Thanks a million for the help. If you scan some parts for me, how ever little it is, that will be a great help. My email is [email protected].


----------



## ahardb0dy (Nov 9, 2003)

If you want to see certain pages I can scan them, but I'm not going to sit here and just randomly scan parts of the manual for you. Let me know if you want to see something in particular. Did you check out the link for autozone I posted?


----------



## Wally (Nov 8, 2010)

I checked auto zone and its a great help thanks. Anything on the cabureator will help alot thanks, and sorry about that.


----------



## ahardb0dy (Nov 9, 2003)

Do you mean the throttle body? What engine do you have? Just thought of something, I downloaded the FSM for a 89 pulsar which covers the GA16i engine as well as the CA18 engine, most of the parts are the same between the pulsar and the sentra. I'll see if I can e-mail the pulsar manual to you.


----------



## ahardb0dy (Nov 9, 2003)

http://www.nissanforums.com/b11-b12-kn13-82-90-chassis/165909-original-fsm-nissan-pulsar-nx-n13.html


----------



## nirvashtypezero (Oct 26, 2015)

ahardb0dy said:


> As far as I know Nissan did not start putting their service manuals into PDF versions until the 1994 model year, your only option is to get a paper copy from e-bay. You can also go to AutoZone Auto Parts Stores | Motor Oil, Exhaust Systems, Suspension Parts, Car Starters, Car Stereo, Radiator Hoses, Headlights, Car Accessories, and More - AutoZone.com, register on the site and they have repair manuals on the site, the manuals are pretty good and the diagrams look like they were taken from the FSM. Another option is to ask if someone has a paper copy and can scan the particular section or pages that you need. I have a paper copy of the FSM for my 90 and would be willing to scan pages but I won't scan the whole thing.
> One other way you could get a paper manual is to have someone buy you one than maybe they could ship it to you.

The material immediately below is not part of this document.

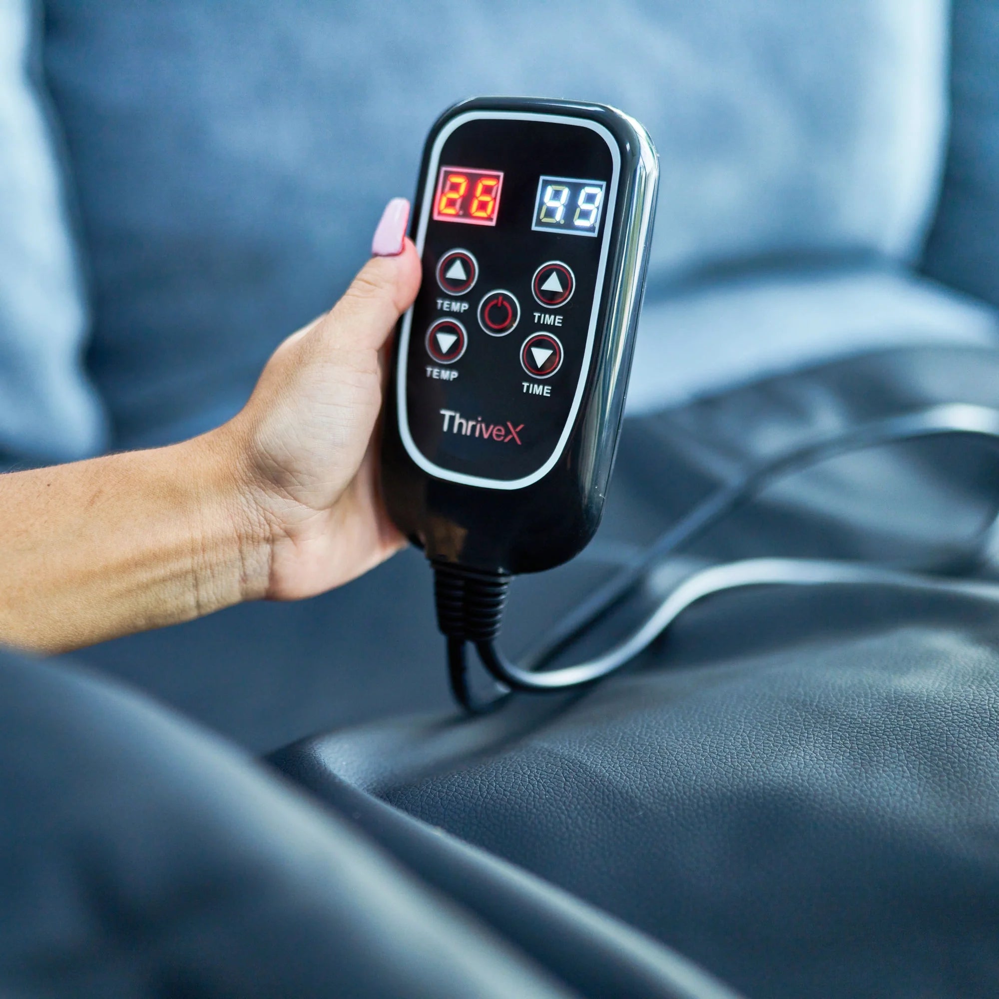 Introducing the Echelon ThriveX Sauna Blanket, your portable relaxation solution designed for ultimate convenience and comfort. Experience the deep, targeted heat of far-infrared technology, enhancing detoxification and taking relaxation to new levels. The efficient design features magnetic snap closures and durable stitching for optimal energy use and long-lasting performance. Maintenance is hassle-free, thanks to a waterproof inner lining that makes cleanup as simple as a quick wipe. With customizable temperature settings and a compact, portable design, you can unwind anywhere, anytime. Low EMF technology ensures safe and even heat distribution, providing a soothing and secure experience. Enjoy a holistic wellness boost in each session, offering detox, calorie burn, stress relief, pain alleviation, and skin rejuvenation, leaving you refreshed and fully relaxed.

i know this post is a bit old but do you still have the book for the sentra? i have a questin the book may answer.


----------



## ahardb0dy (Nov 9, 2003)

Yes I do, what do you want to know?


----------



## nirvashtypezero (Oct 26, 2015)

ahardb0dy said:


> Yes I do, what do you want to know?


im dropping a ga16i (soon to be an s) into my 87. need to know if theres a spot for a mech fuel pump on a 90 ga16.


----------



## ahardb0dy (Nov 9, 2003)

The GA16I has a spot on the back of the head where the AIV mounts, I looked on the JDM GA15S engine and in what looks like the same spot they have the mechanical fuel pump, I have pics from the 89 Pulsar FSM ( same engine as the sentra) and a pic from Nissan FAST showing the B12 GA15s engine, pics below:

GA16i:











JDM GA15s:


----------



## nirvashtypezero (Oct 26, 2015)

ahardb0dy said:


> The GA16I has a spot on the back of the head where the AIV mounts, I looked on the JDM GA15S engine and in what looks like the same spot they have the mechanical fuel pump, I have pics from the 89 Pulsar FSM ( same engine as the sentra) and a pic from Nissan FAST showing the B12 GA15s engine, pics below:
> 
> GA16i:
> 
> ...


thank you for that information. that was the last thing I needed for my swap.


----------



## ahardb0dy (Nov 9, 2003)

Welcome, think that would work for you?


----------



## nirvashtypezero (Oct 26, 2015)

ahardb0dy said:


> Welcome, think that would work for you?


works perfectly. I was originally going to place it there since my carb air case has all that on it. I just wasn't sure if that would work.


----------



## nirvashtypezero (Oct 26, 2015)

ahardb0dy said:


> Welcome, think that would work for you?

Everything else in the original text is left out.